Extracted data entries
□ □ □ □ □ □ □
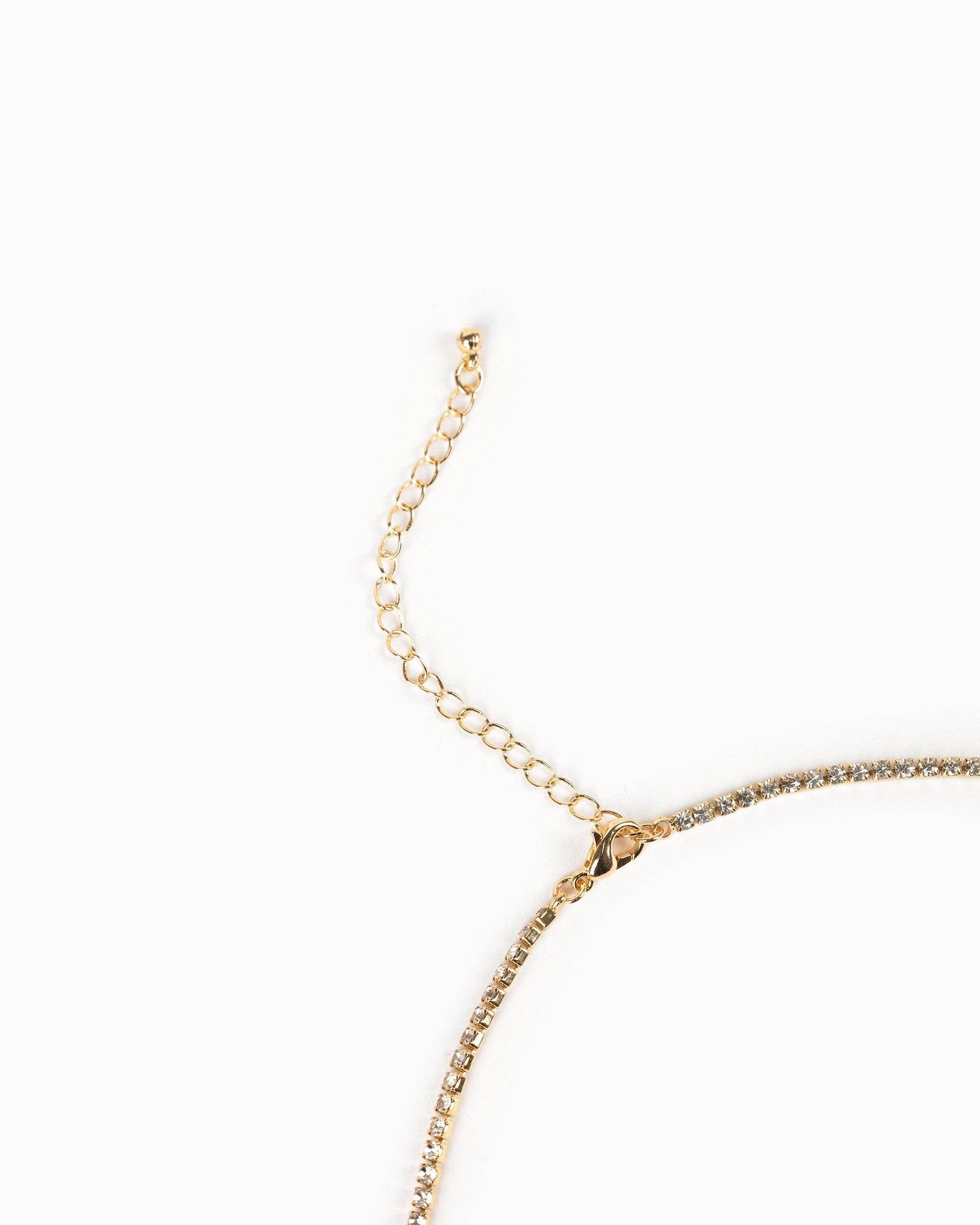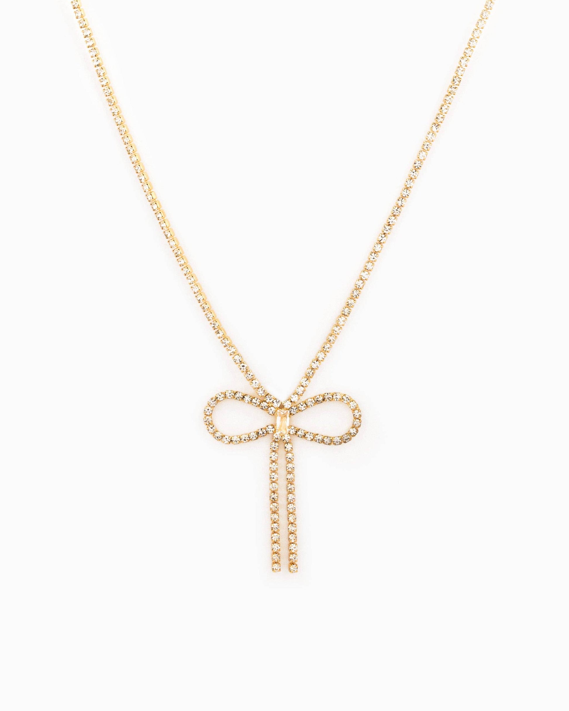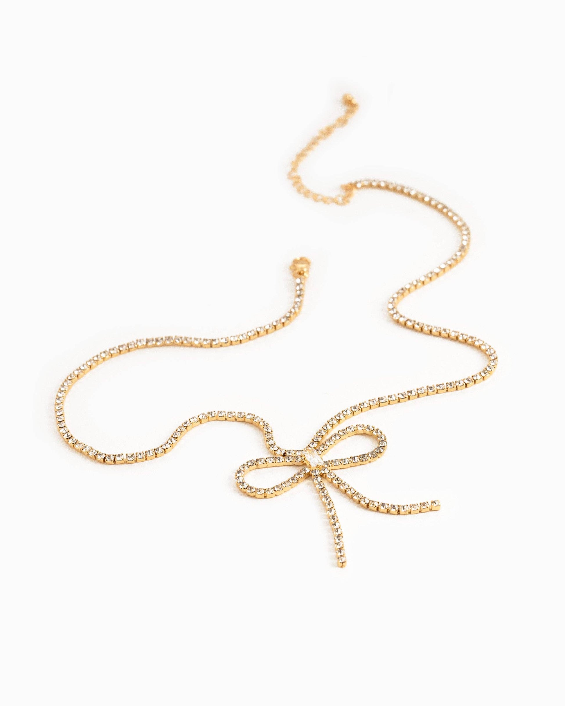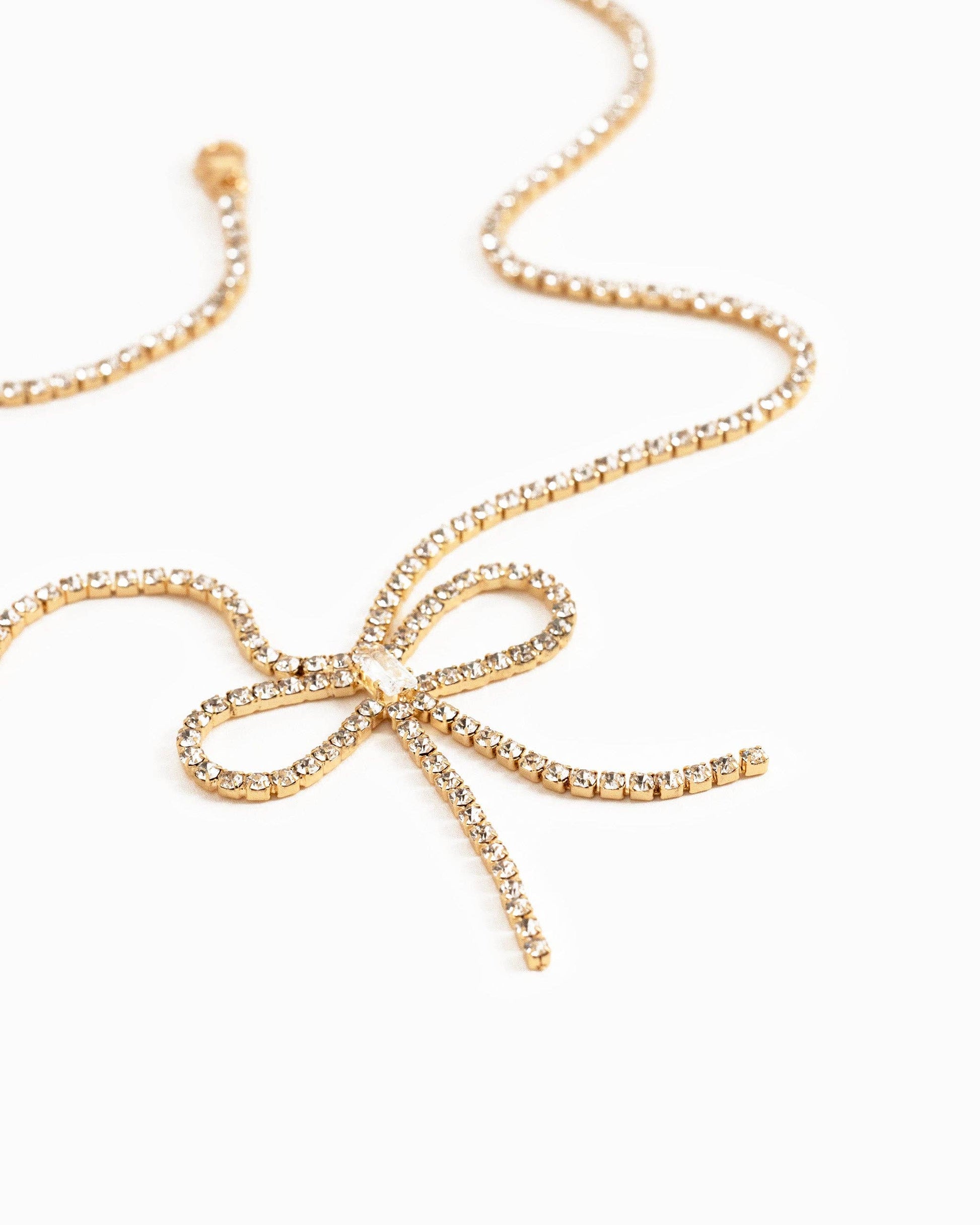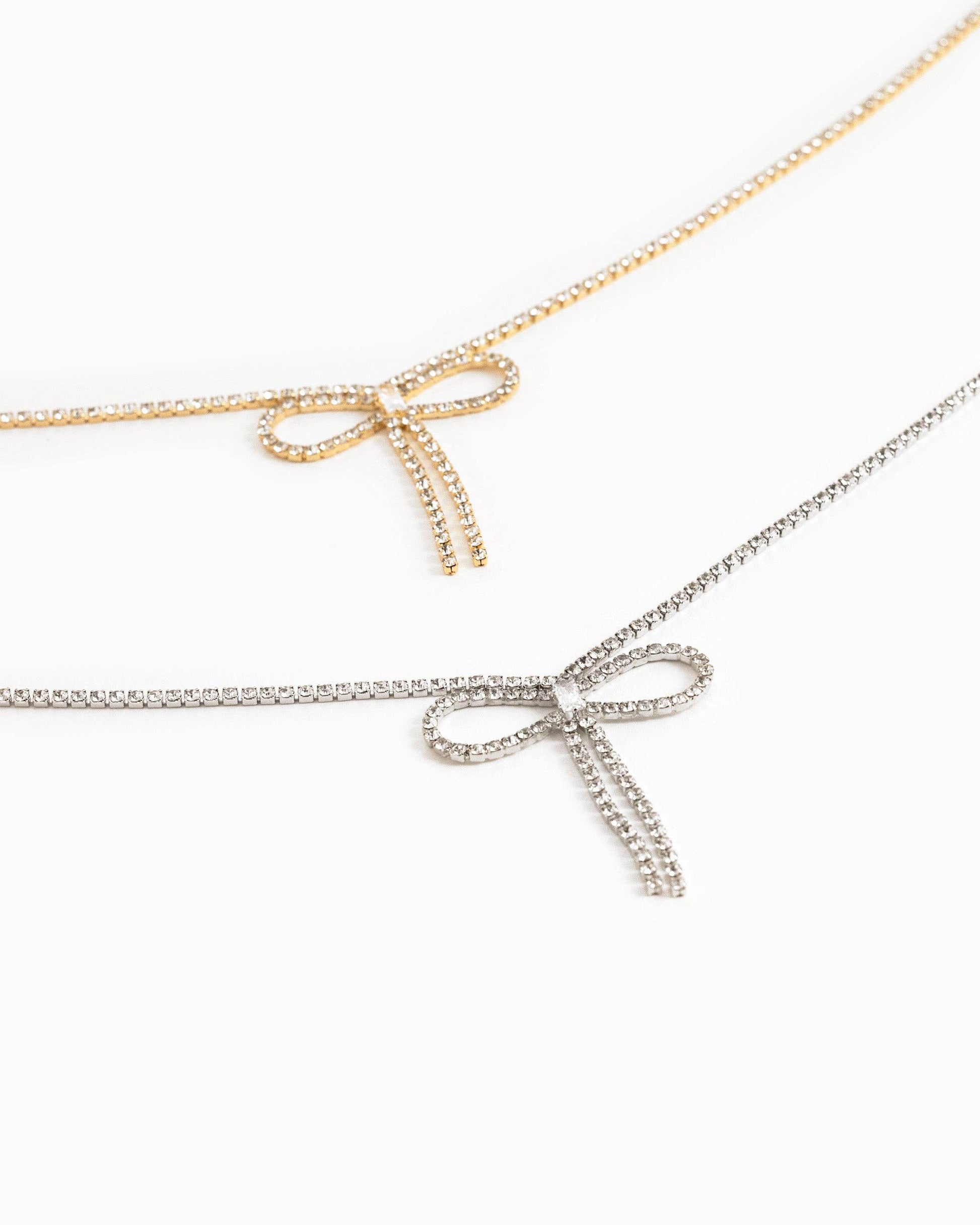 Rhinestone Chain Symmetrical Bow Necklace w/ Baguette CZ
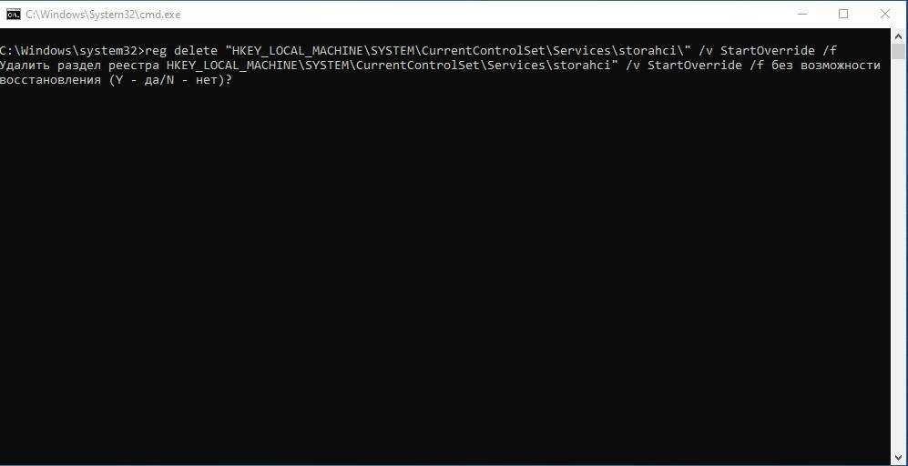 reg delete»HKEY_LOCAL_MACHINE\SYSTEM\CurrentControlSet\Services\storahci\» /v StartOverride /f
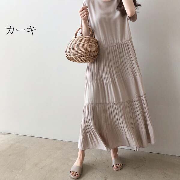 シフォン半袖マキシワンピース 通勤夏新作
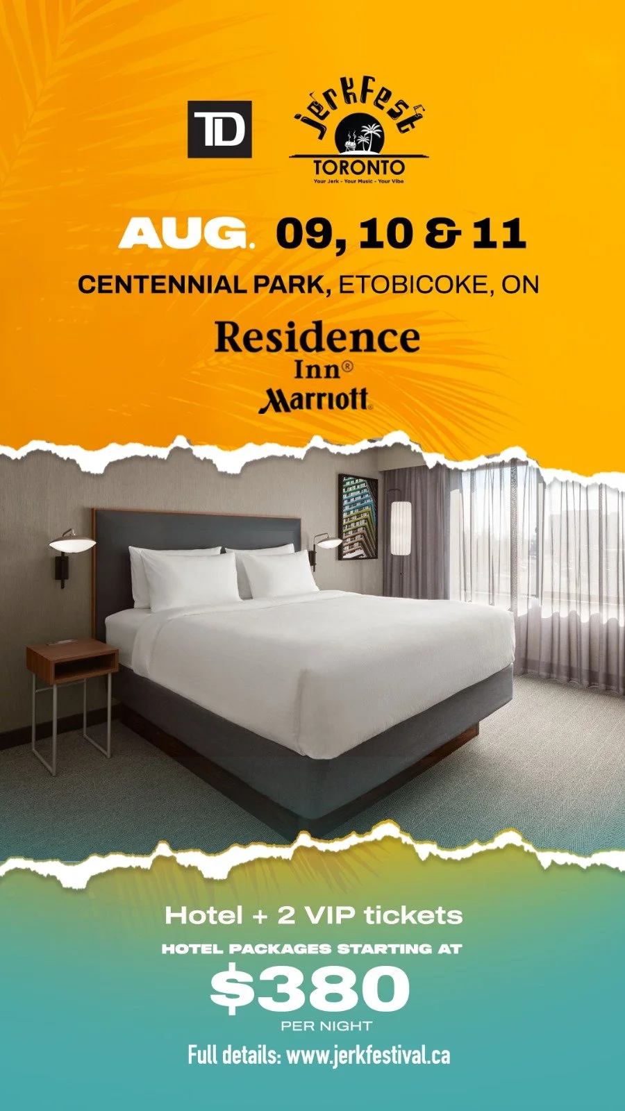 Indulge in the comfort of a stylish one-bedroom accommodation just moments away from all the festival excitement. All Bedrooms Include Breakfast at the Residence Inn Marriott. The Hotel is 7 minutes from Centennial Park (5070 Creekbank Road, Mississauga). Plus, elevate your experience with VIP Boat Cruise tickets, offering breathtaking views and a taste of true Caribbean hospitality on the open seas.
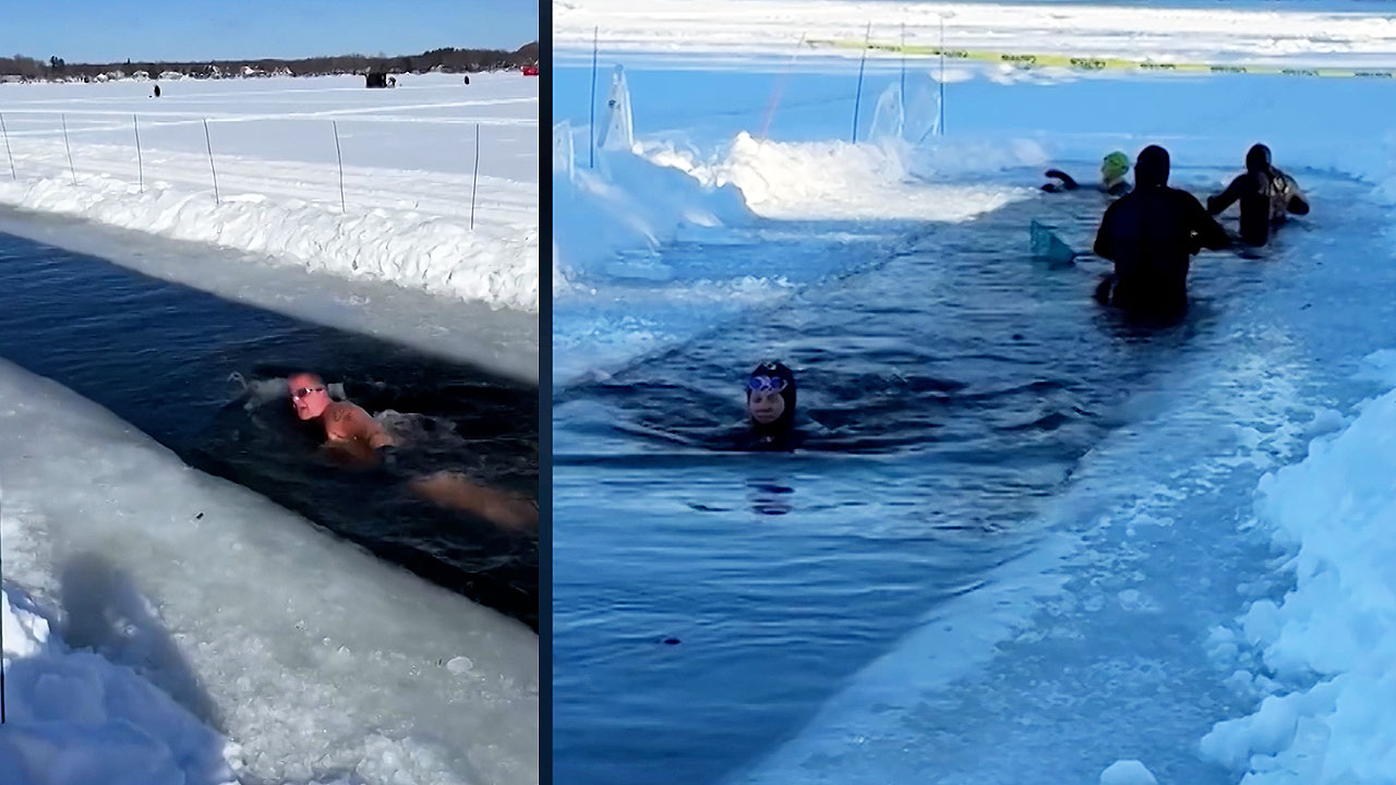 이 지역 주민들이 직접 공구로 얼음을 깨서 한파에 꽁꽁 언 호수를 약 23미터 길이의 천연 수영장으로 변신시킨 건데요.
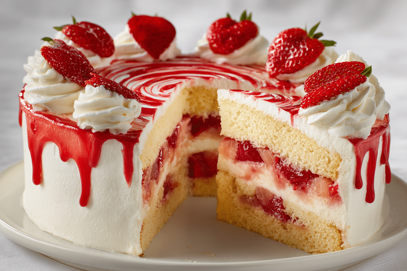 Strawberry shortcake is the quintessential summer dessert — light, buttery biscuits layered with juicy macerated strawberries and pillows of whipped cream. It’s the kind of recipe that lives in family memory: served at picnics, after Sunday dinners, or as the sweet highlight of strawberry season.
□ □ □ □ □ □ □
Please reproduce each entry exactly as given and omit the pictures.

=== Task result ===
 Rhinestone Chain Symmetrical Bow Necklace w/ Baguette CZ
 reg delete»HKEY_LOCAL_MACHINE\SYSTEM\CurrentControlSet\Services\storahci\» /v StartOverride /f
 シフォン半袖マキシワンピース 通勤夏新作
 Indulge in the comfort of a stylish one-bedroom accommodation just moments away from all the festival excitement. All Bedrooms Include Breakfast at the Residence Inn Marriott. The Hotel is 7 minutes from Centennial Park (5070 Creekbank Road, Mississauga). Plus, elevate your experience with VIP Boat Cruise tickets, offering breathtaking views and a taste of true Caribbean hospitality on the open seas.
 이 지역 주민들이 직접 공구로 얼음을 깨서 한파에 꽁꽁 언 호수를 약 23미터 길이의 천연 수영장으로 변신시킨 건데요.
 Strawberry shortcake is the quintessential summer dessert — light, buttery biscuits layered with juicy macerated strawberries and pillows of whipped cream. It’s the kind of recipe that lives in family memory: served at picnics, after Sunday dinners, or as the sweet highlight of strawberry season.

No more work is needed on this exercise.